• [The task] In the listing below, find the line with "Zapatillas Adidas Handball" and copy every line from there up to and including the line with "Q1.Define tree, binary", exactly and without pictures.

• [Input data]

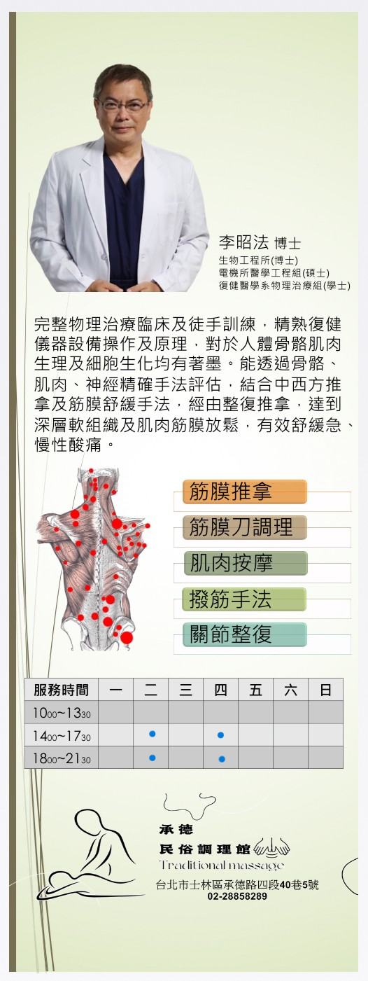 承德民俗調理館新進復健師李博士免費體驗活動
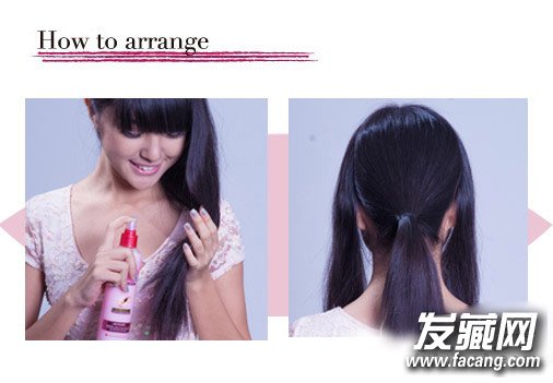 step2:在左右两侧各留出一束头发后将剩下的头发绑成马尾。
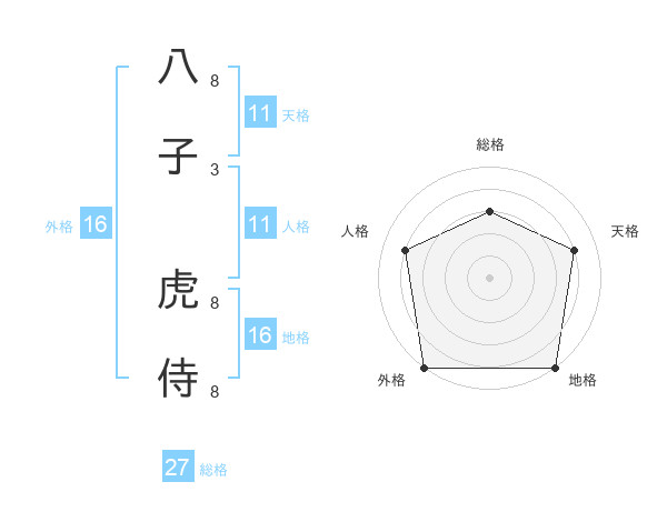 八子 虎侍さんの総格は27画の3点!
* * *
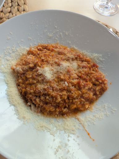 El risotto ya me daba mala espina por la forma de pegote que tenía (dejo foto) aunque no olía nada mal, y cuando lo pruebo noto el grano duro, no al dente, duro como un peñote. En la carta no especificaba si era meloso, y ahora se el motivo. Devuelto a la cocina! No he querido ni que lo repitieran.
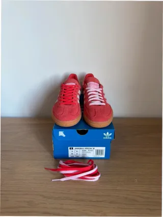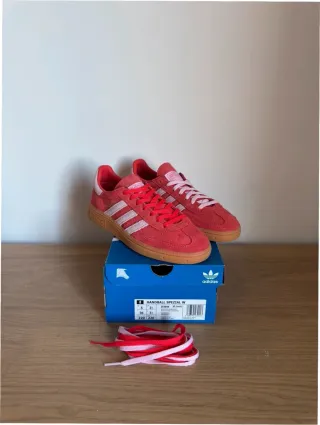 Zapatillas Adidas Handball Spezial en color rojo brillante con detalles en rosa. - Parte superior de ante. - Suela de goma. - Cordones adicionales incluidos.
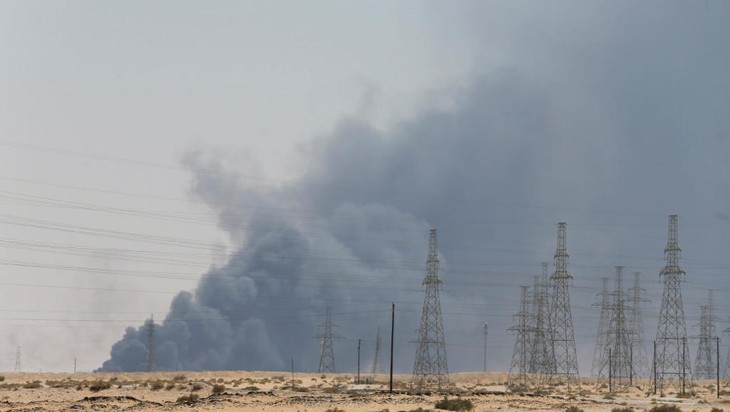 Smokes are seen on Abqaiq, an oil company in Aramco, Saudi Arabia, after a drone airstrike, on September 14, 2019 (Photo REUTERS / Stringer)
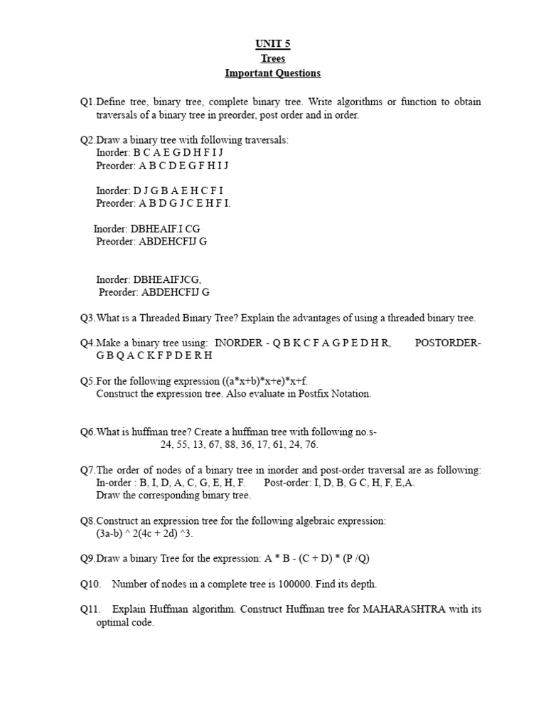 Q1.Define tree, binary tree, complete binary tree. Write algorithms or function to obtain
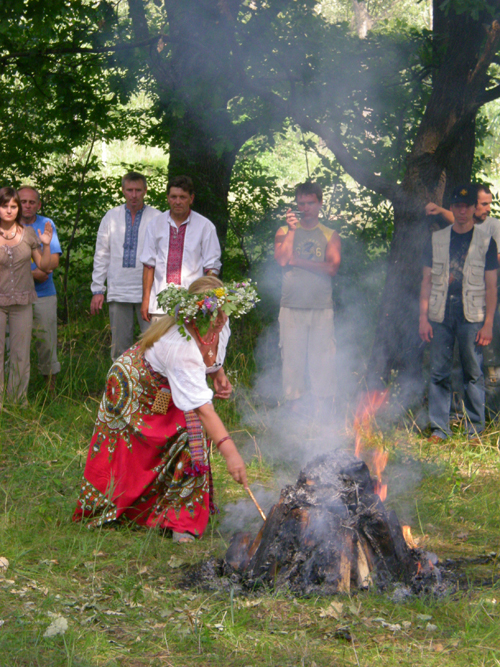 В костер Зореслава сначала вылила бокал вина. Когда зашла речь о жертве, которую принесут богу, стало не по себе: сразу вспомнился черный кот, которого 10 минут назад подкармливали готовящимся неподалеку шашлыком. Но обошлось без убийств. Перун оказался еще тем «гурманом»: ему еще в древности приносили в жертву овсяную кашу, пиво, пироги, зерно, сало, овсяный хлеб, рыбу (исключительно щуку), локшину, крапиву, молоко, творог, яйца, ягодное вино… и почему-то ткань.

• [Result of this exercise]
 Zapatillas Adidas Handball Spezial en color rojo brillante con detalles en rosa. - Parte superior de ante. - Suela de goma. - Cordones adicionales incluidos.
 Smokes are seen on Abqaiq, an oil company in Aramco, Saudi Arabia, after a drone airstrike, on September 14, 2019 (Photo REUTERS / Stringer)
 Q1.Define tree, binary tree, complete binary tree. Write algorithms or function to obtain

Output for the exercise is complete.